Nothing but the lines below, from the first through the line containing "Sadalgi (3 km)", should be set down, each one exactly and without pictures.

━━━━━━━━━━━━━━━━━━━━

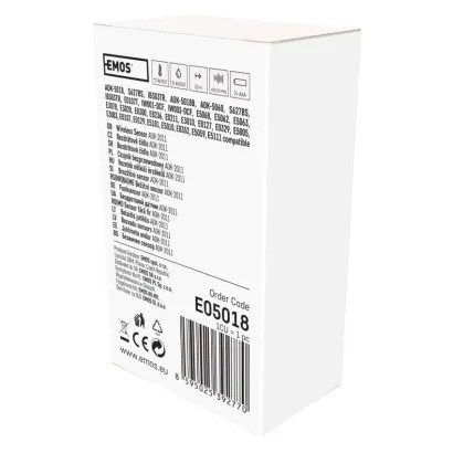 Czujnik bezprzewodowy AOK5018B marki EMOS o zasięgudo 30m . Czujnik zasilany jest dwoma bateriami AAA . Przeznaczony jest jako zamienny czujnik do jednostki centralnej: AOK-5018B, AOK-5060, S627BS, IB303TR, E0107T, IW001-DCF, IW003-DCF, E5068, E5062, E5063, E3078, E3028, E0300, E8236, E0211, E3010, E0127, E0329, E5005, E3003, E0107, E0129, E5101, E5010, E0352, E5059, E5111.
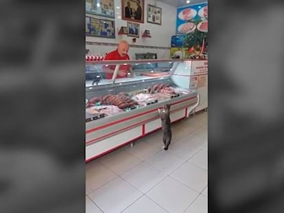 El felino se apoyó en el mostrador del establecimiento y no se marchó hasta conseguir lo que quería
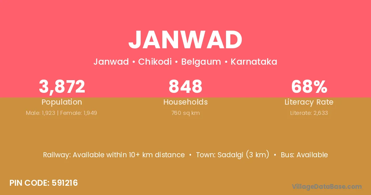 Sadalgi (3 km) is the nearest town to Janwad village for major economic activities and is located approximately 3 km away.
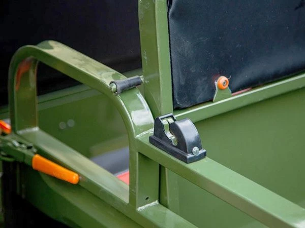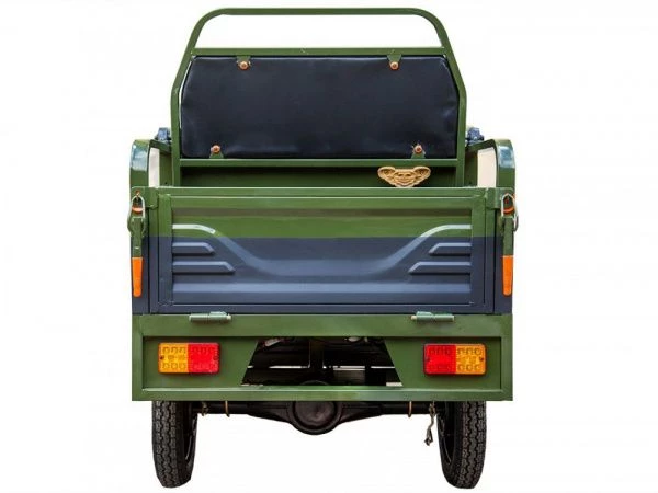 Освещение спереди и сзади гарантирует видимость в темное время суток, что делает его безопасным для эксплуатации. Кабина и крыша отсутствуют, что позволяет использовать трцикл для различных типов грузов и пассажиров.
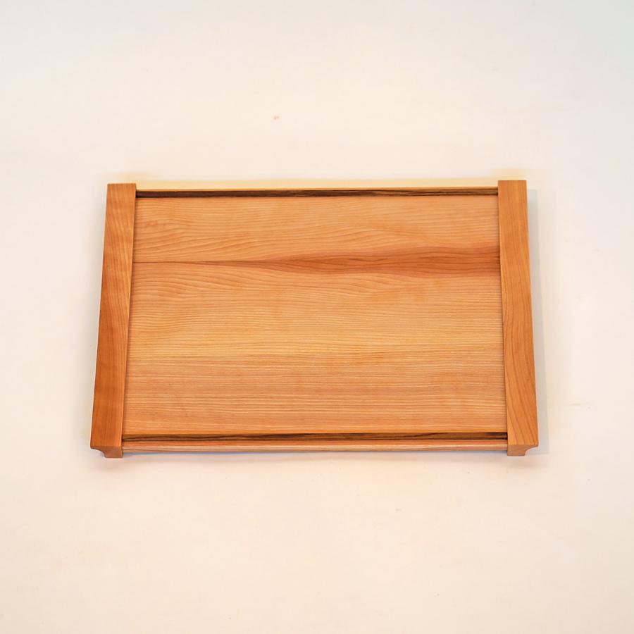 金具を使わない「追い入れ」で仕上げ、持ち手の持ちやすさや立ち上がりの高さ、ちょうど良いサイズ感など、細かな使い心地にもこだわったお膳です。エンジュ材をラインのアクセントに使用しました。
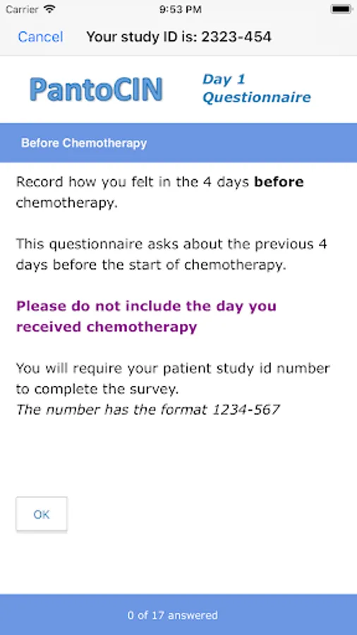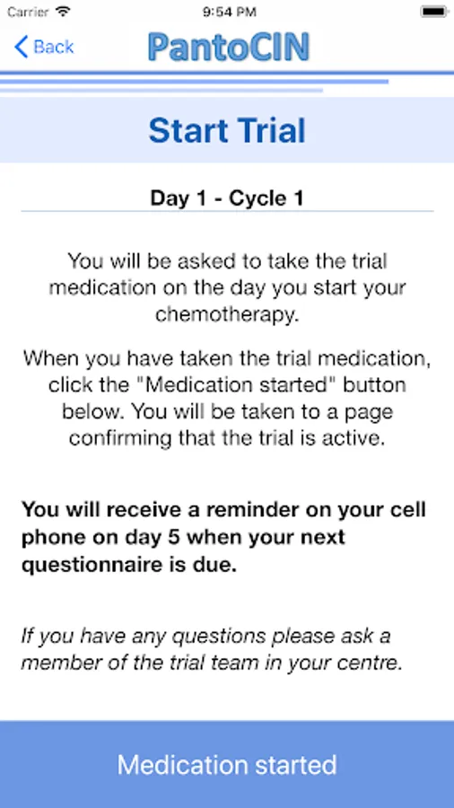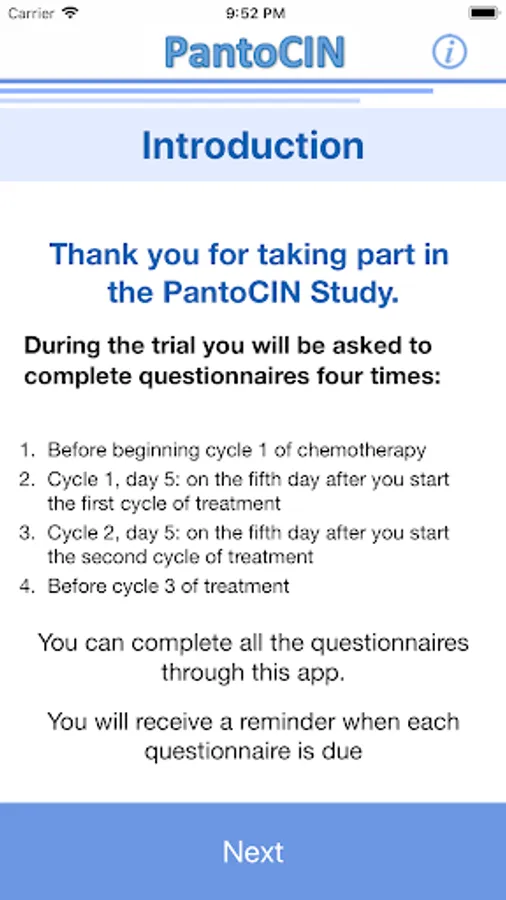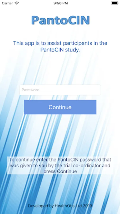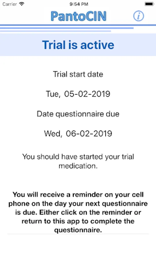 This app provides reminders for participants in the PantoCIN study, and enables participants to answer questionnaires.
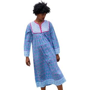 NWT Kitty dress by SZ Blockprints. Lightweight long dress with a blue and pink floral pattern. Features intricate designs and a comfortable fit. have 1 S 2 size M's and one L! all NWT, opened only for photos
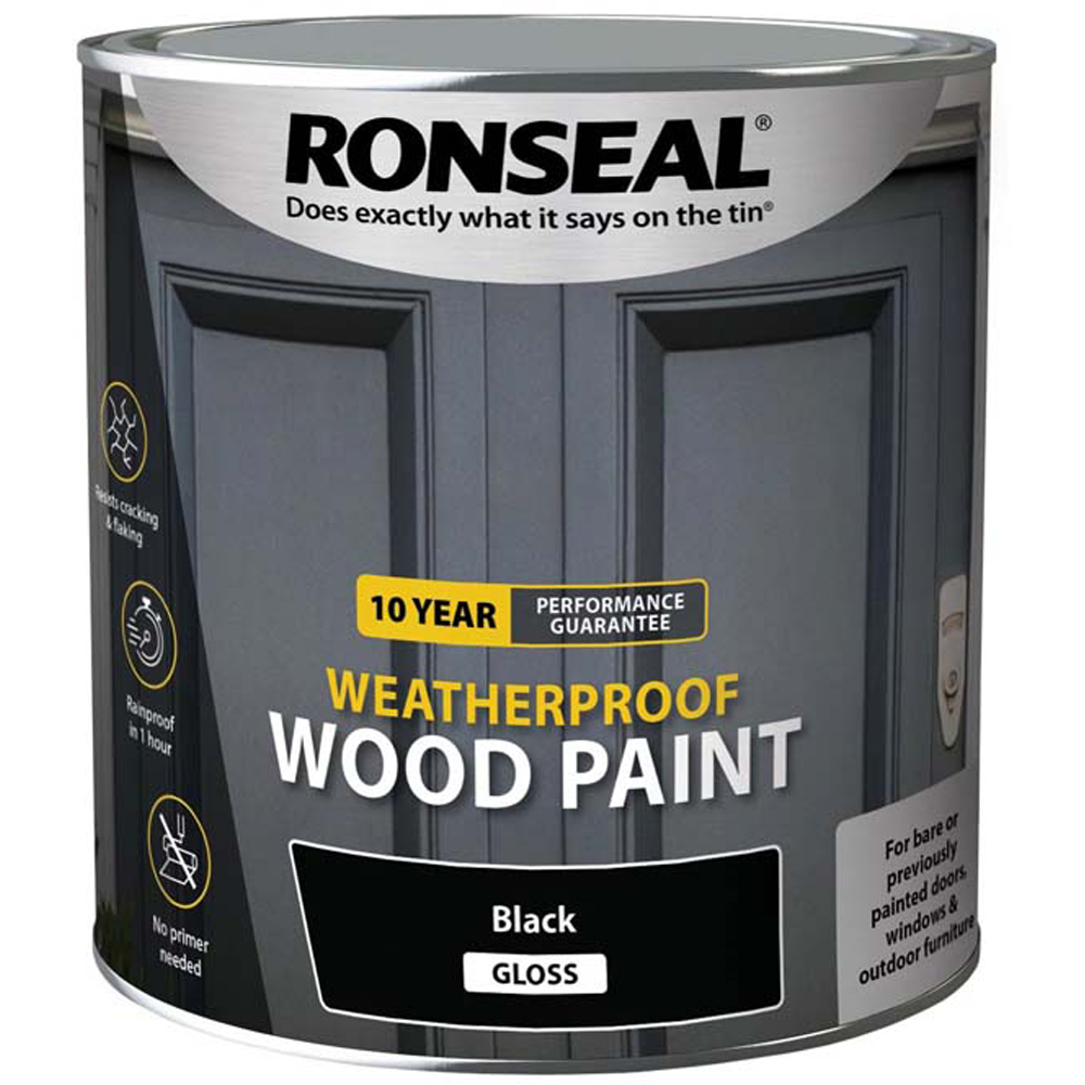 Ronseal 10 Year Weatherproof Wood Paint 2 in 1 doesn't need a primer, not even on bare wood. It's weatherproof in just 1 hour, so it's the quickest way to keep doors and windows looking great. It's guaranteed not to crack, peel or blister for 10 years. This product covers 12 m²/litre, needs 2 to 3 coats, can be applied with a brush, is dry to touch in 1 hour and if needed can be recoated in 1 hour. To prepare bare wood, use 120 grit sandpaper to lightly sand the wood for an even finish. Once the dust has settled, wipe the area with white spirit. Any holes or cracks can be filled in with wood filler. To prepare previously painted wood, sand flakes away to bare wood. This is easiest to do with an electric sander. Once the dust has settled, wipe it away with white spirit and a damp cloth. Give your paint a thorough stir to mix the colour pigments. Apply the paint in the direction of the woodgrain with a synthetic brush. Leave your first coat to dry for four hours. Apply the second coat. If you’re painting bare wood, you might still be able to see the grain after two coats. If that’s the case, wait four hours before applying a third coat. Your last coat will be weatherproof in one hours.
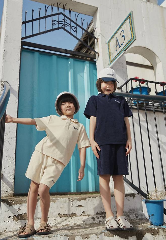 김나영과 신우와 이준은 그래픽 아트워크의 클래식한 자수 슬리브리스 티셔츠, 부드러운 테리 소재의 티셔츠와 팬츠 셋업, 메시 소재의 캠프 캡과 함께한 스타일링한 나일론 우븐 셋업 등을 입고 닮은꼴 스타일의 여름 휴양지 패밀리룩을 선보였다.
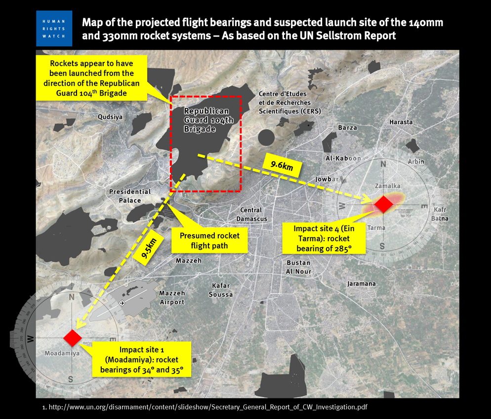 Or did it? Though the UN report did not state who was responsible for launching the attack, it included detailed ballistic evidence, including the trajectory of the weapons based on where they impacted. Human Rights Watch then took that trajectory information and did what the UN was unwilling to do – place it on a map. The result? The area where the rockets came from is not only controlled by the regime, it is one of Assad’s key bases, a Republican Guard base with strong ties to both artillery and rocket launches, and to chemical weapons:
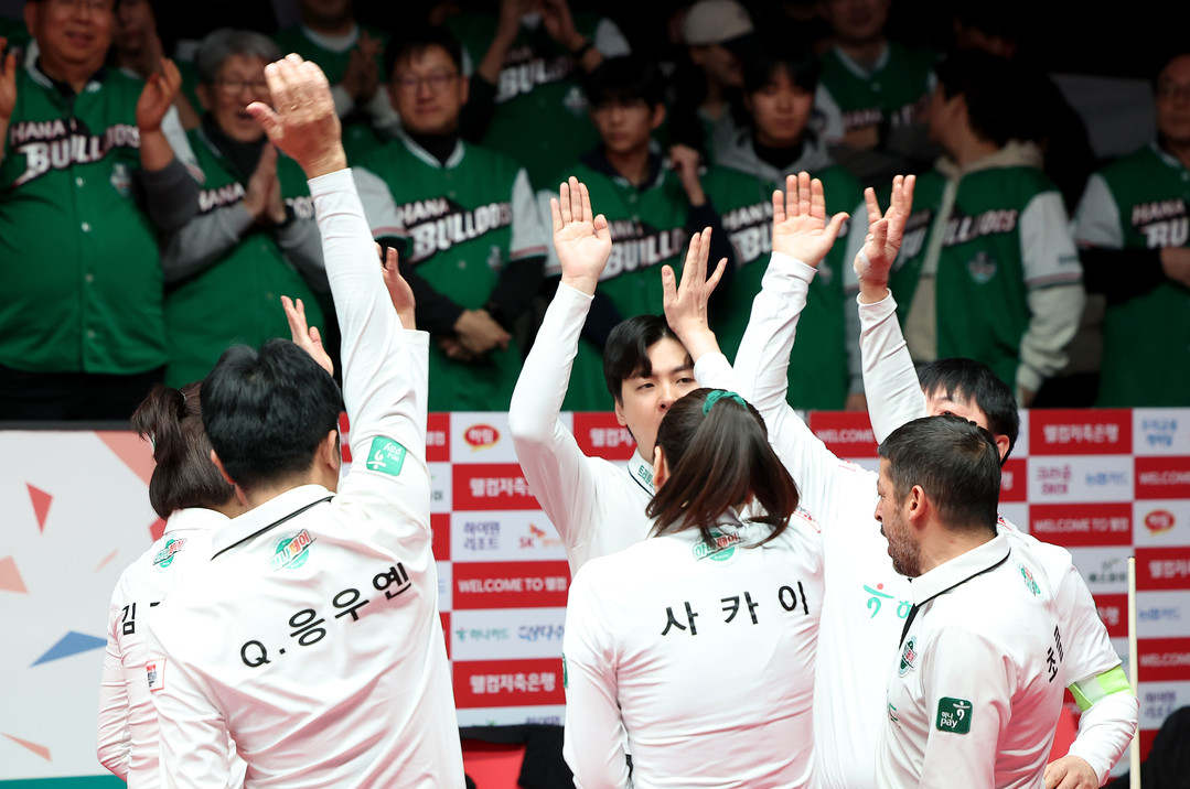 [욜드(YOLD)=조용수 기자] PBA 팀리그 하나카드가 포스트시즌 파이널에서 SK렌터카를 상대로 2승을 선점하며 우승까지 2승만 남겨놨다. 19일 경기도 고양시 ‘고양 킨텍스 PBA 스타디움’에서 열린 ‘웰컴저축은행 PBA 팀리그 2025-2026’ 포스트시즌 파이널(7전 4선승제)에서 하나카드는 SK렌터카를 상대로 1차전과 2차전 모두 세트스코어 4:2로 승리했다. 종합 전적 2승으로 앞서간 하나카드는 우승 확률 80%라는 기분 좋은 수치를 손에 넣었다. 역대 PBA 포스트시즌 파이널에서 2승을 선점한 팀이 우승한 경우는 5번 중 4번에 달한다.
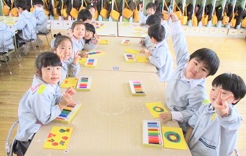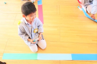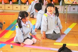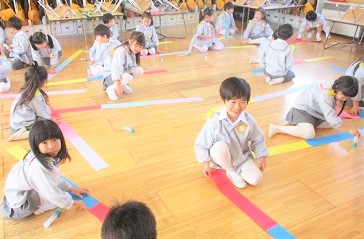 床でのり付けをしましたが、いつもと違う製作方法に つき組さんはのびのびワクワク!!
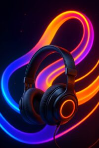 neon wallpaper 4k: Neon waves glow behind sleek black headphones creating energetic vibes.
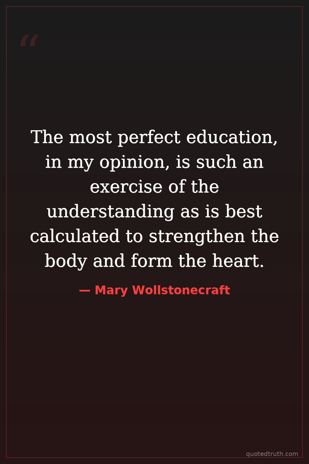 The most perfect education, in my opinion, is such an exercise of the understanding as is best calculated to strengthen the body and form the heart.
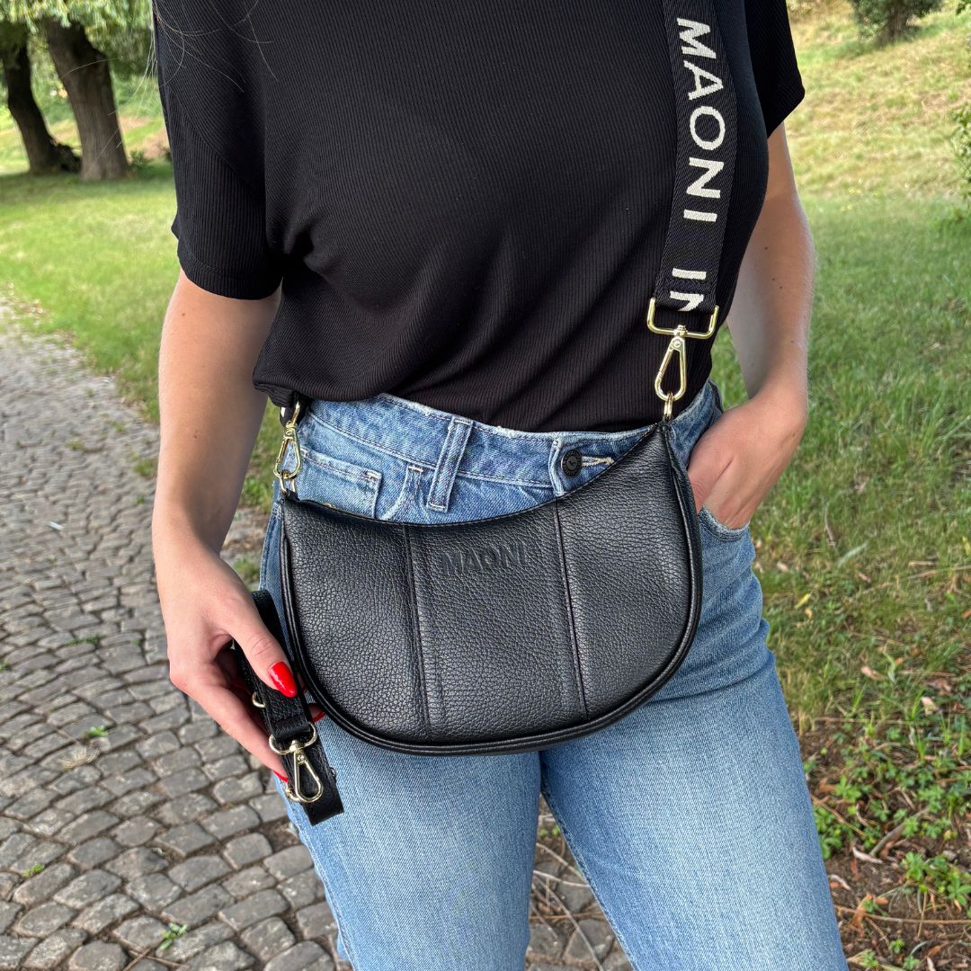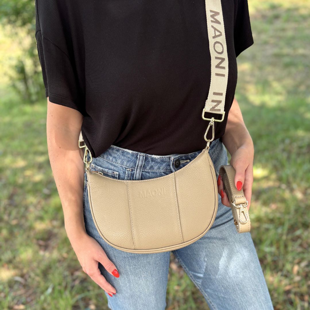 Optional: Im Set MAONI (gold) erhältst du - zusätzlich zum schmalen Ledergurt - einen breiten Taschengurt im MAONI Design.

━━━━━━━━━━━━━━━━━━━━

**WORKED SOLUTION:**
 Czujnik bezprzewodowy AOK5018B marki EMOS o zasięgudo 30m . Czujnik zasilany jest dwoma bateriami AAA . Przeznaczony jest jako zamienny czujnik do jednostki centralnej: AOK-5018B, AOK-5060, S627BS, IB303TR, E0107T, IW001-DCF, IW003-DCF, E5068, E5062, E5063, E3078, E3028, E0300, E8236, E0211, E3010, E0127, E0329, E5005, E3003, E0107, E0129, E5101, E5010, E0352, E5059, E5111.
 El felino se apoyó en el mostrador del establecimiento y no se marchó hasta conseguir lo que quería
 Sadalgi (3 km) is the nearest town to Janwad village for major economic activities and is located approximately 3 km away.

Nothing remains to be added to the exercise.